Thanks to the CNNs, it was possible to detect the kidney using its intrinsic characteristics (ie, pixels) rather than its ICG-based visual conditions, significantly increasing the organ detection and making the intraoperative ICG injection unnecessary. Thanks to this second technology, the kidney's border identification was more precise, increasing the registration success during preliminary computational tests. In fact, when comparing the two strategies in terms of co-registration outcomes, the latter resulted in longer time but without any failure in anchoring the virtual model to the real organ (
Table 3).
However, this second technology showed some limitations, such as the sporadic lack of precision in anchoring the model mask to the real kidney. That is probably due to co-registration errors of the 3DVM along its three main axes. Nevertheless, the tests performed on this second technology showed that the iKidney software was able to guarantee a visually accurate 3DVM overlay during the surgery (as assessed by the surgeons performing the procedure), if at least one of the axes of the kidney mask was fully visible.
Since a fully automatic method is not yet available, minimal human assistance was still required to set the axis’ origin during the initial registration phase (ie, fixing the rotation and/or correcting the translation).
Another issue which may decrease the CNN technology's accuracy was represented by the movements of the robotic instruments at the time of the 3DVM co-registration process. De Backer et al
39 recently published an intriguing study specifically addressing this current limitation of AR, describing an algorithm based on deep learning networks able to detect in real-time all “nonorganic” items (eg, instruments) in the surgical field during RAPN and robot-assisted kidney transplantation.
All these considered, one open question still remains: how many and which technologies can be integrated to create the “ultimate” artificial intelligent software, able to allow an automatic co-registration process of a virtual model over the real anatomy in a live surgical setting with a high grade of precision? The growing body of literature continues to provide new evidence on this field, analyzing all its multifaceted potentialities.
40There are several limitations in this study: we are currently in an embryonic and experimental stage of the software, which in fact can only be used for a well-defined part of the surgical procedure.

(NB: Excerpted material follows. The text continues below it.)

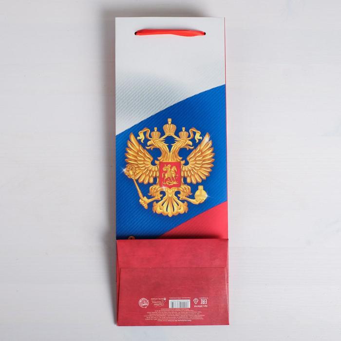 Любой подарок начинается с упаковки. Что может быть трогательнее и волшебнее, чем ритуал разворачивания полученного презента. И именно оригинальная, со вкусом выбранная упаковка выделит ваш подарок из массы других. Она продемонстрирует самые тёплые чувства к виновнику торжества и создаст сказочную атмосферу праздника. Пакет под бутылку «Патриот», 36 × 13 × 10 см — это то, что вы искали.

In fact, the software needs the target organ to be stationary in the surgical field with no instruments (eg, robotic scissors or clamps) obstructing the overlapping process. In addition, at present, many professionals are needed with a large human resource commitment. However, with continued development, these limitations are expected to be reduced and resolved, and will decrease as the automatic coregistration process is standardized.
However, the future perspectives in this field of research will be oriented to ameliorate the code-writing of these algorithms in order to make the co-registration process faster and more efficient, without any need of human assistance. To make it possible, not only a higher amount of data to be analyzed is needed, but also a translational process able to integrate all the artificial intelligence software together is encouraged, to optimize the complexity of such multifaceted developing technological tool.